The producer price index, which measures the prices companies receive for goods and services, rose 0.3% in November, the Labor Department said on December 11. Excluding the volatile food and energy categories, so-called core prices were up 0.3%.
Economists surveyed by The Wall Street Journal had expected overall prices would hold steady, and core prices would rise 0.1%.
Overall producer prices were down 1.1% in November from a year earlier, the tenth straight year-over-year decline. Core prices were up 0.5% from last year.
The index measures prices from the perspective of the seller but generally tracks closely with other measures of inflation for consumers.
Those gauges have been historically weak this year amid low oil prices, a strong dollar and weak demand abroad.
In November, producer prices for goods fell for the fifth straight month. The 0.1% decline was due almost entirely to a 0.6% drop in energy prices. By contrast, food prices edged up 0.3%, thanks to a 23.5% spike in the price of butter, the biggest one-month jump since November 2000. Services prices were up 0.5%.
Federal Reserve officials are expected to raise interest rates at their meeting next week for the first time in nearly a decade, resting on a much-improved labor market but without strong evidence inflation is firming.
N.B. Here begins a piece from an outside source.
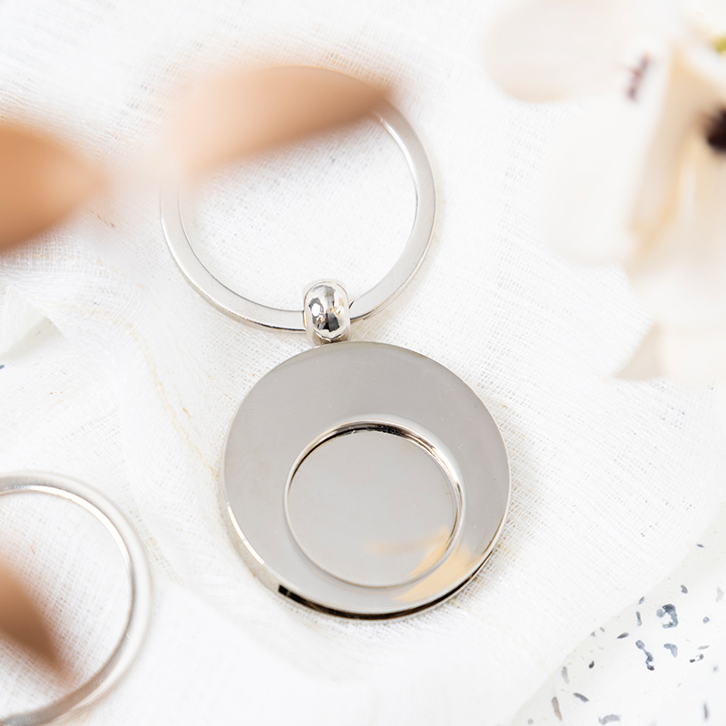 Ronde metalen sleutelhanger met winkelwagenmunt.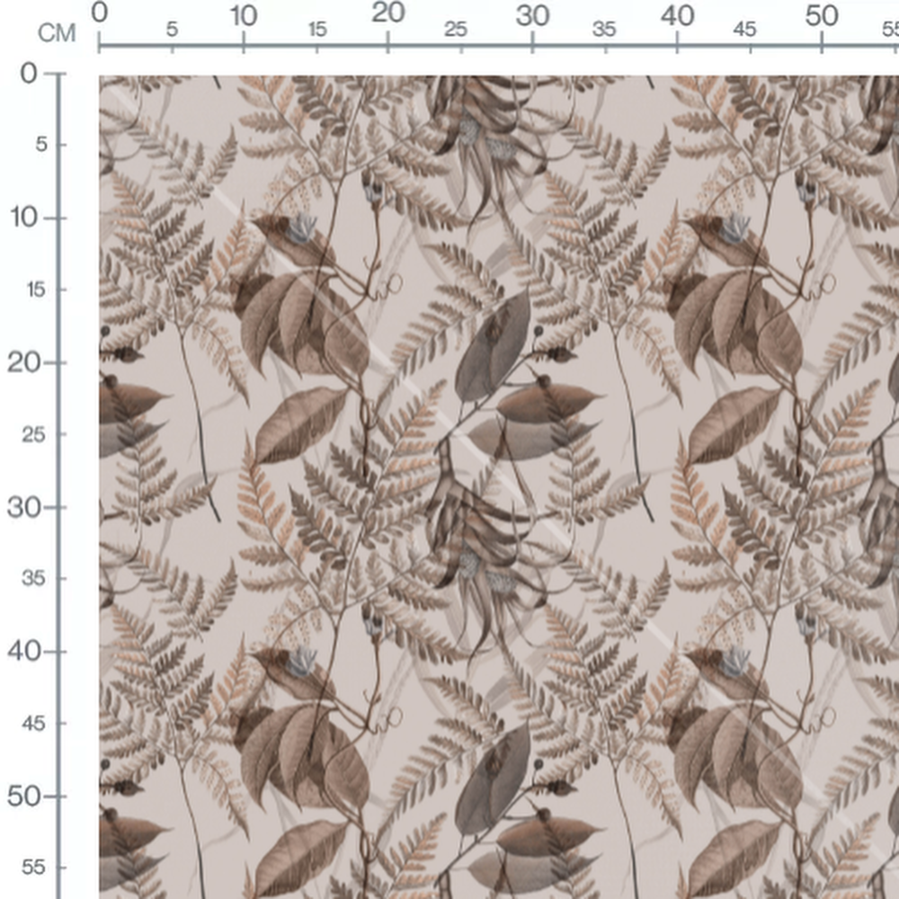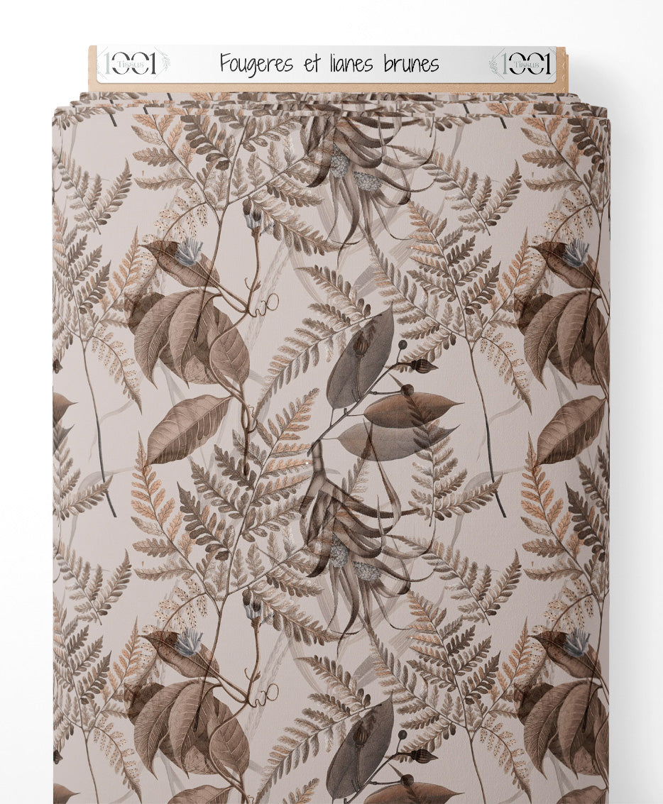 Les feuilles sont variées en forme et taille, avec des nuances allant du brun clair au brun foncé. Les fougères ajoutent une texture délicate au motif. Des lianes fines s'entrelacent parmi les feuilles. Le fond beige met en valeur les détails des feuillages.Les tissus

The price index for personal consumption expenditures, the Fed’s preferred inflation gauge, was up only 0.2% from a year earlier in October. Fed officials have blamed weak inflation on temporary factors, including depressed energy and import prices.
“Ongoing gains in the labor market, coupled with my judgment that longer-term inflation expectations remain reasonably well anchored, serve to bolster my confidence in a return of inflation to 2% as the disinflationary effects of declines in energy and import prices wane,” Fed Chairwoman Janet Yellen said last week.